I think all Grokipedia is doing is exposing Grok's internal LLM "facts" into a preloaded and formatted site. Modern LLMs already have all of wikipedia internalized and can act as a wiki so why not make it an explicit feature?
Once that is in place you can make Grok eat it's own tail by using Retrieval-Augmented Generation on Grok with Grokaiedia (that is now crowdsourced for updates).
This may offset the side effects of model collapse from AIs consuming their own synthetic outputs with enough humanity sprinkled into the mix.
Yes and also Hitler is quite interesting outside the Nazi bit. I don't know why everyone obsesses over that.

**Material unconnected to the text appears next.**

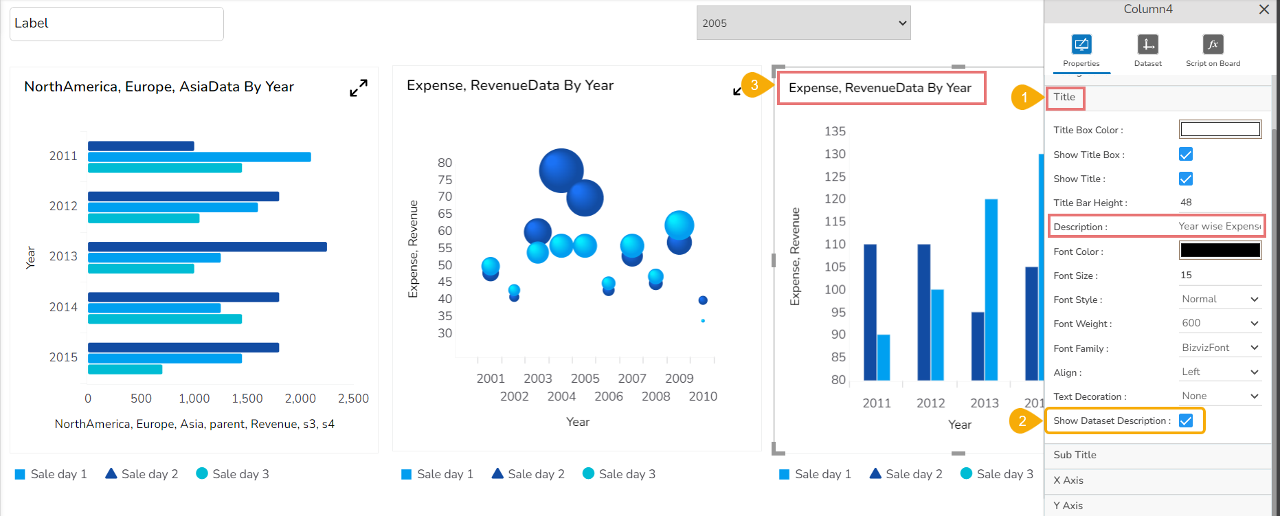 • It will reflect the Title description based on the selected category and series fields for that charting component ignoring the inserted Title description for that chart.

I have no clue what you are referring too. The word Nazi gets used so much and for so many things that it has lost all meaning to me due to semantic satiation. You'll have to me more specific.
I find it curious that the Wikipedia article on George Floyd specifically mentions in the first sentence that the police officer was white. Grokipedia’s description seems more neutral.
Discussion: https://news.ycombinator.com/item?id=45726459
https://news.ycombinator.com/item?id=45737044
Hey, if anyone thinks this article was wrongfully flagged, please contact me via my email in the description and lets talk. I'm building a startup related to moderation on social media so I'd like to user interview you
Musk said it was full of partisans a bias, and the reality is the reverse. Too many confuse "you're biased" with "I don't like that."
Ripping off most of its pages doesn't mean it isn't woke. You can copy content on most of the noncontroversial topics that don't have political or ideological angles, while still offering different content on the topics that do.
Reality has a well-established liberal bias
Bias is deviation from a baseline. What is the baseline here?
This sentence is meaningless.
> Reality has a well-established liberal bias
Only if you're a liberal who confuses the information you receive, usually filtered through other liberals, for reality (which many do).
tl;dr: if you think reality agrees with your politics, you're actually just in a bubble.
except for the first 300,000 years
We need more Jimmys and fewer Elons.
We need more Larry Sangers.
https://larrysanger.org/nine-theses/
I'm 99.999% sure this is already the case. I can't think of even one other Elon. I guess some billionaires come close, but he's a pretty unique dude, for better or for worse.
The parent's condition was relative, so it can't be statically true. Even if the number of Elons was zero, that would only make it unsatisfiable - not true.